# Ladies aus der Schweiz



## bluehusky22 (8. April 2012)

Hallo zusammen

Suche Ladies, welche ebenfalls aus der Schweiz kommen und auch Anfängerin im Bereich Downhill / Freeriden sind.

Meldet euch doch, zusammen macht es mehr Spass


----------



## Mikinka (9. April 2012)

Hallo! Ich bin auch eine Lady aus der Schweiz! Habe mir ein paar langersehnte Ziele für diesen Sommer gesteckt (Graubünden/Ostschweiz), die ich nicht gerne allein machen möchte. Vielleicht klappt auf diesem Weg was Gemeinsames? Grüassle...


----------



## MTB-News.de




----------



## Chrige (10. April 2012)

Ja, da ist auch noch eine. Werde diesen Sommer das erste mal mich auf ein Downhill-/Freeride-Bike setzen. Es reizt mich schon lange. Vielleicht können wir ja zusammen etwas organisieren.

Gruss,
Chrige


----------



## waldfeger (11. April 2012)

hoi zämä
Ich bin aus der Ostschweiz und würde mich auch mal freuen, mit Frauen zu biken. Fahre gerne Endurotouren, quäl mich langsam und gemütlich rauf und freue mich dann aufs runterfahrn. liebe grüsse 
Helga


----------



## Grino21 (16. April 2012)

Hoi mitanand 

Ich bin aus dem Ländle (FL) und fahre seit ca. 2009 MTB. Touren mit Singletrails. Nur was ich hasse wie die Pest ist das blöde Aufwärtsfahren. 
Fahre lieber Abwärts 

Mich reizt es auch schon sehr sehr lange mal in nen Bikepark Freeriden zu gehen. 

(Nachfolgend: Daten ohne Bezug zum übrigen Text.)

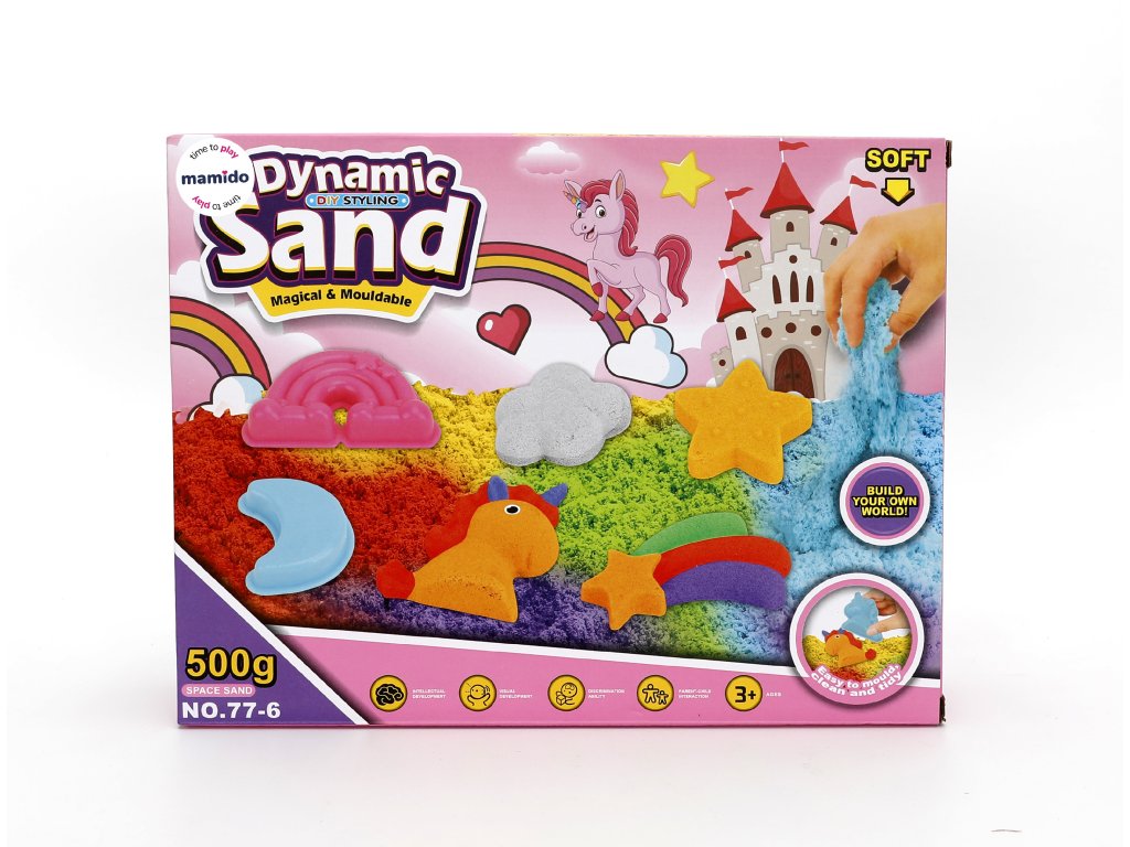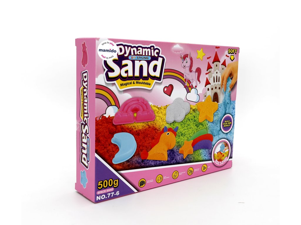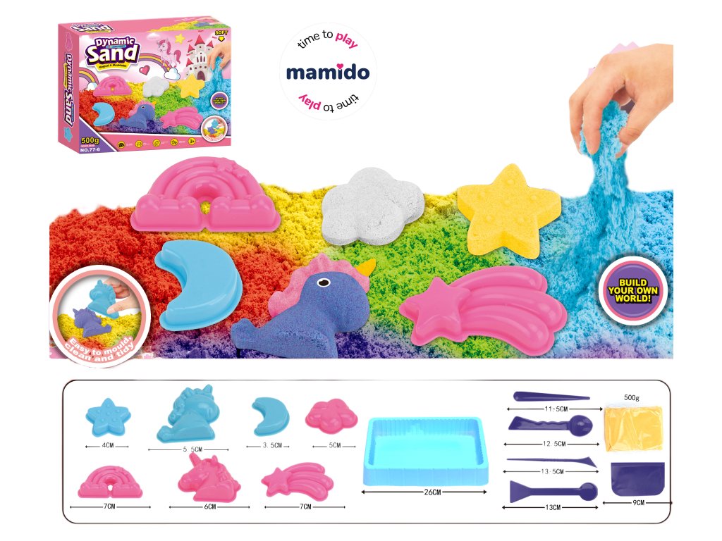 Цветен кинетичен пясък с еднорози и дъга за малки творци. Пясъкът се оформя приятно, запазва формата си и не се разпилява като обикновен пясък – идеален за творчество на закрито. Включена е комплект от формички с мотиви на дъга, звездички, еднорог, луна и други форми. Страхотна активност за спокойно забавление у дома.

Vielleicht könnte man mal was abmachen. 

Grüassli Sandy


----------



## waldfeger (17. April 2012)

@Grino21
Vom Fürstentum. Das ist ja eine meiner Lieblingsstrecke. Von der Ostschweiz fahren wir ca ne Stunde bis Schwan, parkieren dann das Auto. Radeln gemütlich den Triesenberg rauf, Richtung Gaflü (oder wie es heisst) und dann den Supertrail via alte Ruine Vaduz runter. Kennst den bestimmt. Gibt's sonst noch solche Trails in der Nähe?


----------



## mangolassi (20. April 2012)

Hallo Mädels

Ich kann mich zwar nicht wirklich mehr als Anfängerin bezeichnen, aber ich wohne in der Schweiz und bin bevorzugt bergab unterwegs. 

Ich wäre auch froh mal mit Frauen biken zu gehen und nicht immer nur mit meinem Freund. 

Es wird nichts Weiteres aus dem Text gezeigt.